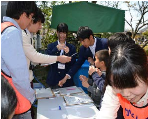
水質検査をします。
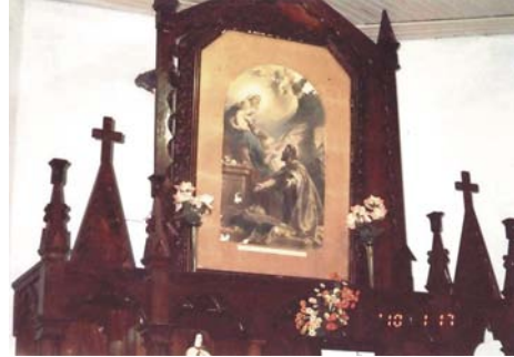
A templom oltrkepe a hres Benczr Gyula (1844-1920) festmny: Szent Istvn feljnja Magyarorsgot Szz Mrinak

rpdfalvn 181 magyar csald telepedett le. Ebbl 138 csald Erdlybl, 41 Dlvidkrl s 2 Magyarorsgrl. Egy ksbbi adat 1500 llekrl beszél. A So Paul-i magyar bencsek rendszeresen lejrtak rpdfalvra miszni, esketni, keresztelni.
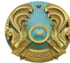
Министерство сельского хозяйства
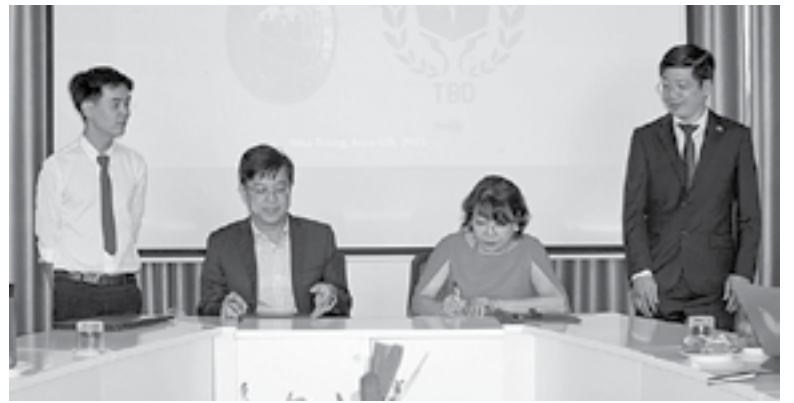
● Đại diện hai bên ký kết hợp tác.

TRƯỜNG ĐẠI HỌC THÁI BÌNH DƯƠNG VÀ TỔNG LÃNH SỰ QUẢN PHILIPPINES TẠI TP. HỒ CHÍ MINH: KÝ KẾT THỎA THUẬN HỢP TÁC
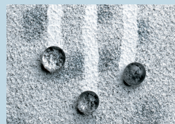
StoLotusan Color G
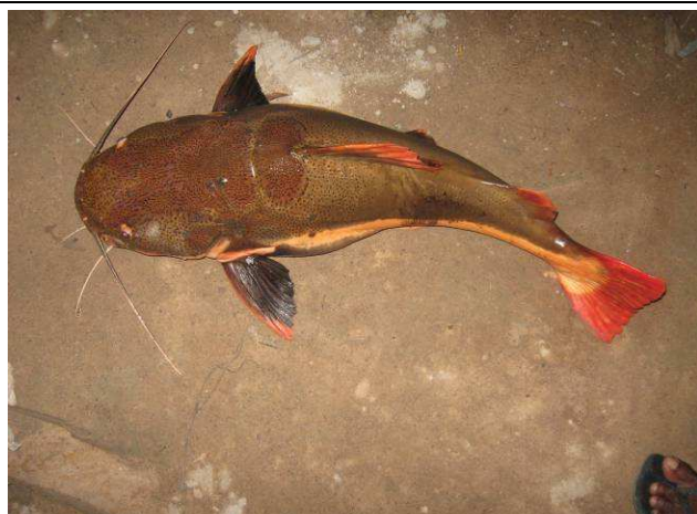
Foto 17: Pirarara ( Pharactocephalus hemiolipterus ) pescada na foz do Igarapé do Boto, por índio Apiaká da Aldeia Mairowi.
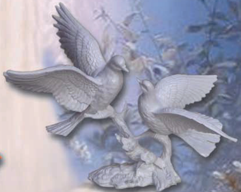
ART 4003 - cm 25x20x15
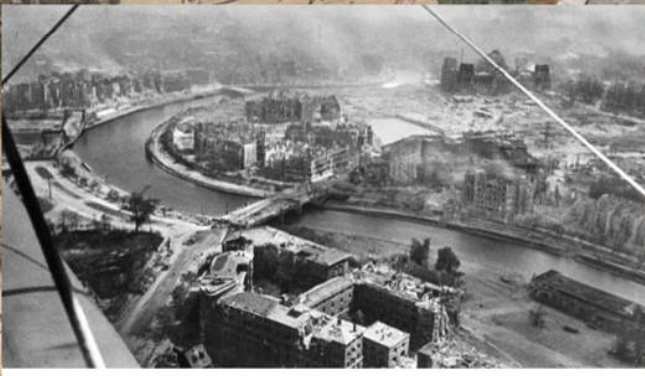
Вид на мост Мольтке, квартал правительственных зданий, в том числе посольство Швейцарии (справа), здание МВД (слева), котлован на Кёнигсплатц и Рейхстаг. Район боевых действий частей 79-го стрелкового полка 3-й ударной армии 1-го Белорусского фронта. Май 1945 г.
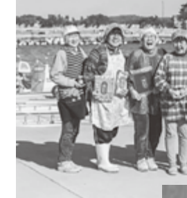
がんばる浦戸の母ちゃん会の皆さん
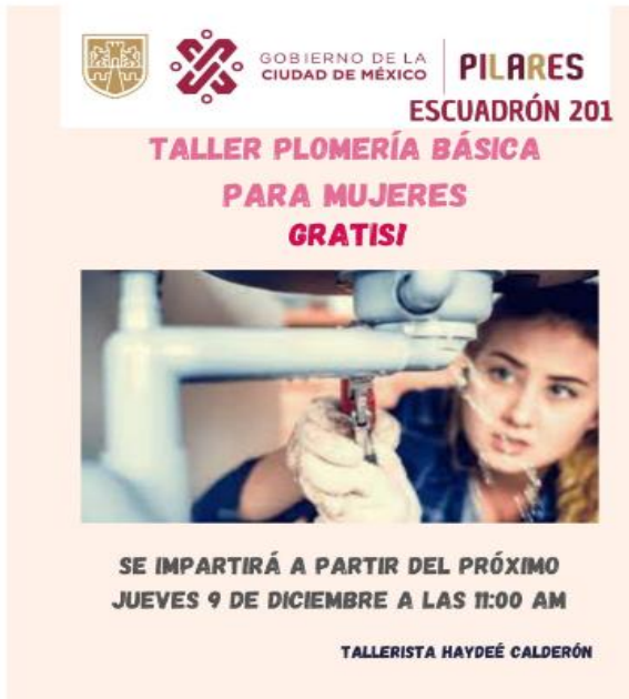
Folleto 1.- Curso de Plomería
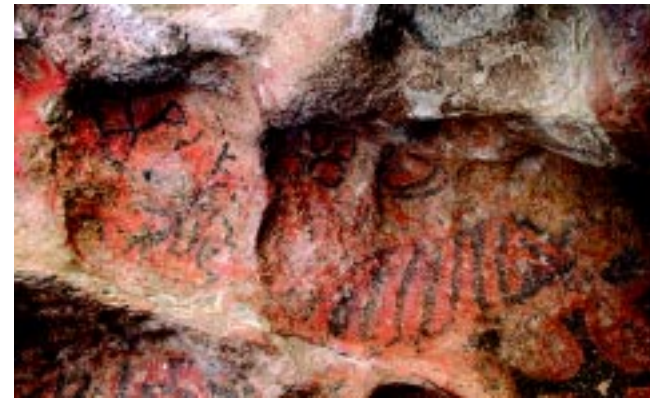
Camino al Valle de las Pinturas Rupestres, el sendero pasa por «La Casona», ruinas de la Estancia Santa María.

En el paraje: cerca de la entrada al Parque hay un motel con restaurante y teléfono público. Tel: (02952) 43-6101.
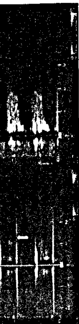
Echokardiographie der Tricuspidalklappe (Seite 2061).
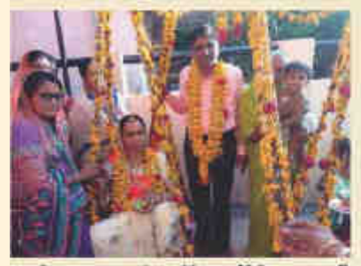
पासणी । अलालात्राणा चांडव, गांनी एकसर्टानिमिल खाधाग्याधनि तृत्व कारतना.
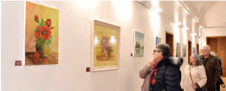
Članovi Bel-arta impresionirali su svojim djelima
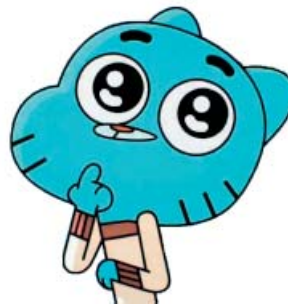
6. EL ASOMBROSO MUNDO DE GUMBALL
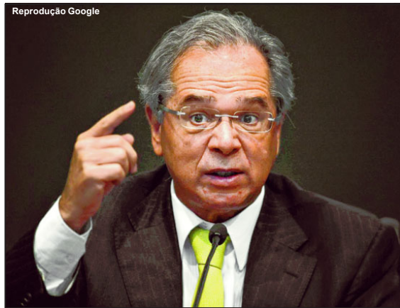
Paulo Guedes falou em medidas para combater efeitos da pandemia

O ministro da Economia, Paulo Guedes, afirmou nesta sexta-feira (13) que pretende anunciar novas medidas para combater os efeitos da pandemia do

» **THE TASK**: The records above are to be restated word for word, excluding all pictures.

» **WRITTEN SOLUTION**:
水質検査をします。
A templom oltrkepe a hres Benczr Gyula (1844-1920) festmny: Szent Istvn feljnja Magyarorsgot Szz Mrinak

rpdfalvn 181 magyar csald telepedett le. Ebbl 138 csald Erdlybl, 41 Dlvidkrl s 2 Magyarorsgrl. Egy ksbbi adat 1500 llekrl beszél. A So Paul-i magyar bencsek rendszeresen lejrtak rpdfalvra miszni, esketni, keresztelni.
Министерство сельского хозяйства
● Đại diện hai bên ký kết hợp tác.

TRƯỜNG ĐẠI HỌC THÁI BÌNH DƯƠNG VÀ TỔNG LÃNH SỰ QUẢN PHILIPPINES TẠI TP. HỒ CHÍ MINH: KÝ KẾT THỎA THUẬN HỢP TÁC
StoLotusan Color G
Foto 17: Pirarara ( Pharactocephalus hemiolipterus ) pescada na foz do Igarapé do Boto, por índio Apiaká da Aldeia Mairowi.
ART 4003 - cm 25x20x15
Вид на мост Мольтке, квартал правительственных зданий, в том числе посольство Швейцарии (справа), здание МВД (слева), котлован на Кёнигсплатц и Рейхстаг. Район боевых действий частей 79-го стрелкового полка 3-й ударной армии 1-го Белорусского фронта. Май 1945 г.
がんばる浦戸の母ちゃん会の皆さん
Folleto 1.- Curso de Plomería
Camino al Valle de las Pinturas Rupestres, el sendero pasa por «La Casona», ruinas de la Estancia Santa María.

En el paraje: cerca de la entrada al Parque hay un motel con restaurante y teléfono público. Tel: (02952) 43-6101.
Echokardiographie der Tricuspidalklappe (Seite 2061).
पासणी । अलालात्राणा चांडव, गांनी एकसर्टानिमिल खाधाग्याधनि तृत्व कारतना.
Članovi Bel-arta impresionirali su svojim djelima
6. EL ASOMBROSO MUNDO DE GUMBALL
Paulo Guedes falou em medidas para combater efeitos da pandemia

O ministro da Economia, Paulo Guedes, afirmou nesta sexta-feira (13) que pretende anunciar novas medidas para combater os efeitos da pandemia do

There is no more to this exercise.